The third image is 30% the first one and 70% the second one, so the model must predict 30% benign and 70% malign. So the one-hot-encoded representations of the predicitons are (in this dataset which we have 2 classes):

[1,0] and [0, 1]

But we are aiming for this type of prediction:

[0.3, 0.7]
model = resnet34()
learn = Learner(dls, model, loss_func=CrossEntropyLossFlat(), 
                metrics=[accuracy, error_rate], cbs=MixUp)
learn.fit_one_cycle(5, 3e-3)
epoch train_loss valid_loss accuracy error_rate time
0 4.664900 208.644165 0.591093 0.408907 00:07
1 2.637848 194.706757 0.591093 0.408907 00:06
2 1.903277 1.384996 0.526316 0.473684 00:06
3 1.535061 0.859590 0.534413 0.465587 00:06
4 1.315490 0.679021 0.615385 0.384615 00:06
/home/jmtzt/fastbook/lib/python3.8/site-packages/torch/nn/functional.py:2854: UserWarning: The default behavior for interpolate/upsample with float scale_factor will change in 1.6.0 to align with other frameworks/libraries, and use scale_factor directly, instead of relying on the computed output size. If you wish to keep the old behavior, please set recompute_scale_factor=True. See the documentation of nn.Upsample for details. 
  warnings.warn("The default behavior for interpolate/upsample with float scale_factor will change "

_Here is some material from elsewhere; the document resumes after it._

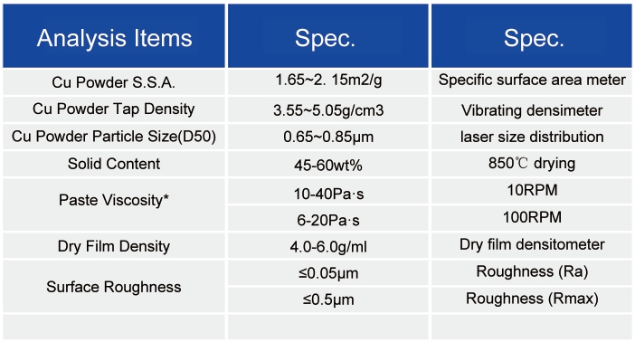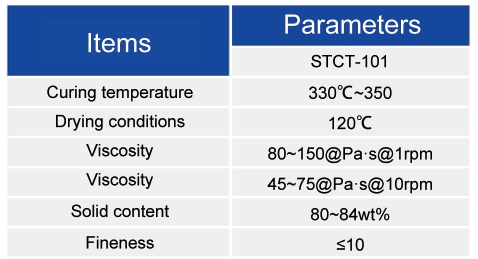 c. STCT-301 is a copper paste suitable for small size (0201 size and below) NP0 series MLCC terminal electrode; d. STCT-302 is a copper paste suitable for medium and large size (0402 size and above) X and NP0 series MLCC terminal electrode.

Training in this way, without explicitly telling the model that the labels must be biggen than 0 but smaller than 1, makes our activations more extreme as we train for more epochs. That is the reason why we will use label smoothing to deal with this.

Label Smoothing

Rethinking the Inception Architecture for Computer Vision: https://arxiv.org/abs/1512.00567

Instead of using regular one-hot-encoded vectors for the targets, we should use targets in the following format:

[0.1, 0.9]

This helps we do not encourage the model to predict something overconfidently.

model = resnet34()
learn = Learner(dls, model, loss_func=LabelSmoothingCrossEntropy(), 
                metrics=[accuracy, error_rate], cbs=MixUp)
learn.fit_one_cycle(5, 3e-3)
epoch train_loss valid_loss accuracy error_rate time
0 4.738817 4001.799072 0.000000 1.000000 00:07
1 3.226263 1226.570801 0.591093 0.408907 00:07
2 2.642515 60.685635 0.518219 0.481781 00:06
3 2.353480 4.580351 0.554656 0.445344 00:06
4 2.170954 1.858582 0.530364 0.469636 00:07
/home/jmtzt/fastbook/lib/python3.8/site-packages/torch/nn/functional.py:2854: UserWarning: The default behavior for interpolate/upsample with float scale_factor will change in 1.6.0 to align with other frameworks/libraries, and use scale_factor directly, instead of relying on the computed output size. If you wish to keep the old behavior, please set recompute_scale_factor=True. See the documentation of nn.Upsample for details. 
  warnings.warn("The default behavior for interpolate/upsample with float scale_factor will change "

Normally we see improvements both from the MixUp and the Label Smoothing technique when we train the model for more epochs.